Aim of the exercise -> The lines to return run from the start of the material below through the line holding "Гостиница Манук-бея в", both included; please give them back exactly, minus the pictures.

Recorded data ->
== == ==
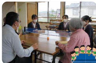
自然房で卓球バレー
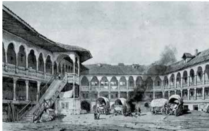
Гостиница Манук-бея в Бухаресте, где был подписан Бухарестский договор

Блистательной Порты Оттоманской Агмед-паши, с тем, чтоб для постановления, заключения и подписания мирного договора избраны, назначены и подлежащей полной доверенностью от обеих сторон снабжены были достойные особы; вследствие чего от стороны Российской императорской избраны, назначены и уполномочены превосходительные и высокопочтенные господа: Андрей Италийский, Его Императорского Величества тайный советник, и прочее, Иван Сабанеев, от армии Его Императорского Величества генерал-лейтенант, начальник Генерал-штаба Дунайской большой армии, и прочее, и Иосиф Фонтон, Его Императорского Величества действительный статский советник, и прочее; со стороны же Блистательной Порты Оттоманской
== == ==
Problem solution ->
自然房で卓球バレー
Гостиница Манук-бея в Бухаресте, где был подписан Бухарестский договор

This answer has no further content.